■ **Task description**
Copy each line of the data below exactly, leaving out pictures.

■ **Supplied data**
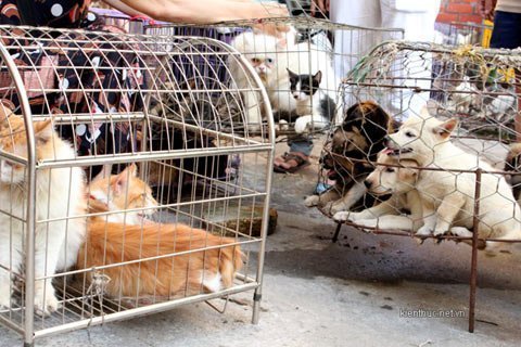 | Đám chó con nghịch ngợm dọa dẫm lũ mèo ở lồng bên |
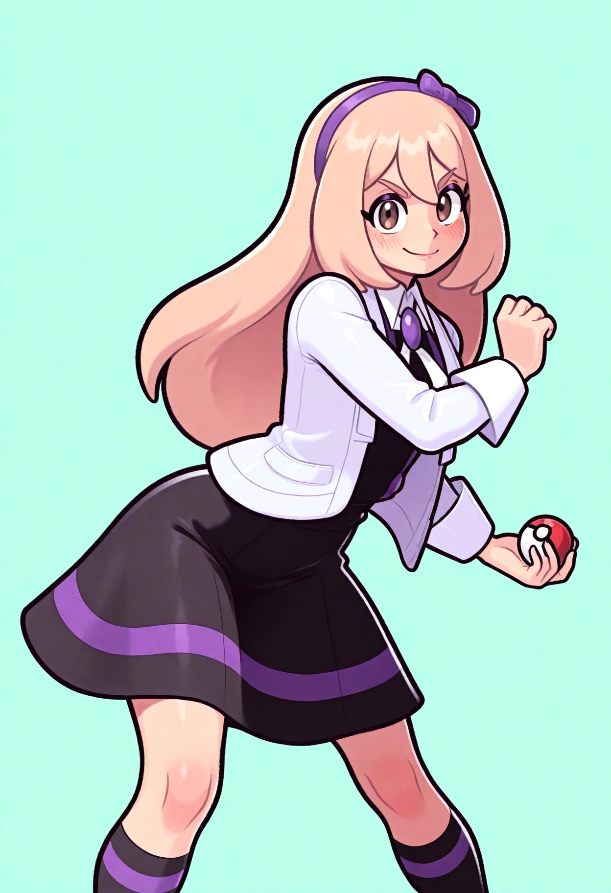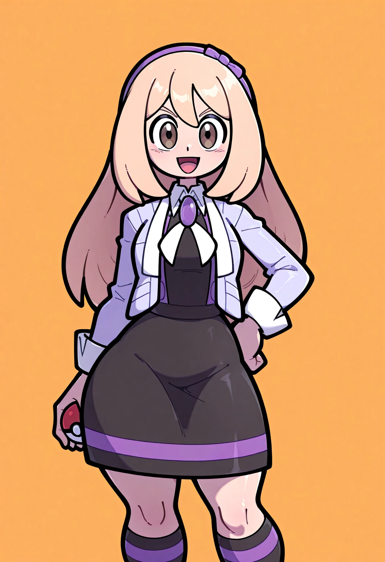 acetrainerza, brown eyes, blond hair, long hair, purple hairband, collared shirt, black dress, , , bolo tie, kneehighs, shoes,
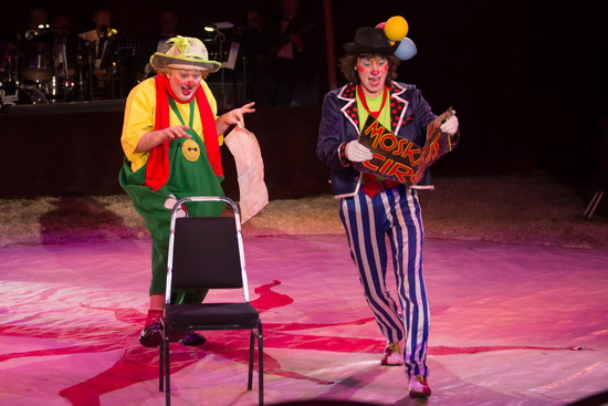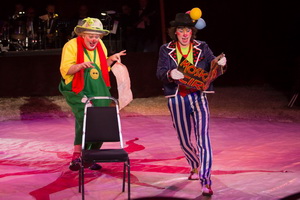 Yuri und Taras kommen aus Moskau und sind typische Vertreter der russischen Clownsschule. Sie sind mit einigen individuellen Auftritten zu erleben und Gestik, Bewegungsabläufe und Reprisenaufbau lassen die erstklassige Ausbildung erkennen. Der Kampf um den einzigen Stuhl steht im Mittelpunkt ihres ersten Auftritts. Wenig später entdecken die beiden völlig neue Arten des Hula Hoop. „Sie liebt mich – sie liebt mich nicht“ heißt es wenig später und als die „Blütenblätter“ einer riesigen Kunstpflanze nicht ausreichen die Frage zu klären setzen die beiden Clowns das Spiel mit ihrer Kleidung fort. Das „reinigen“ der Manege läuft ein wenig aus dem Ruder und in letzten Reprise bittet Yuri zwei Zuschauer zur gemeinsamen „Autofahrt“ in die Manege. Streng wacht der Clown, das der Mitfahrer der angebeteten nicht zu nahe kommt. Nach einer „Motorpanne“ erscheint Taras mit seinem imaginären Motorrad auf der Szene und der Auftritt erhält eine völlig neue Facette.

■ **Task result**
 | Đám chó con nghịch ngợm dọa dẫm lũ mèo ở lồng bên |
 acetrainerza, brown eyes, blond hair, long hair, purple hairband, collared shirt, black dress, , , bolo tie, kneehighs, shoes,
 Yuri und Taras kommen aus Moskau und sind typische Vertreter der russischen Clownsschule. Sie sind mit einigen individuellen Auftritten zu erleben und Gestik, Bewegungsabläufe und Reprisenaufbau lassen die erstklassige Ausbildung erkennen. Der Kampf um den einzigen Stuhl steht im Mittelpunkt ihres ersten Auftritts. Wenig später entdecken die beiden völlig neue Arten des Hula Hoop. „Sie liebt mich – sie liebt mich nicht“ heißt es wenig später und als die „Blütenblätter“ einer riesigen Kunstpflanze nicht ausreichen die Frage zu klären setzen die beiden Clowns das Spiel mit ihrer Kleidung fort. Das „reinigen“ der Manege läuft ein wenig aus dem Ruder und in letzten Reprise bittet Yuri zwei Zuschauer zur gemeinsamen „Autofahrt“ in die Manege. Streng wacht der Clown, das der Mitfahrer der angebeteten nicht zu nahe kommt. Nach einer „Motorpanne“ erscheint Taras mit seinem imaginären Motorrad auf der Szene und der Auftritt erhält eine völlig neue Facette.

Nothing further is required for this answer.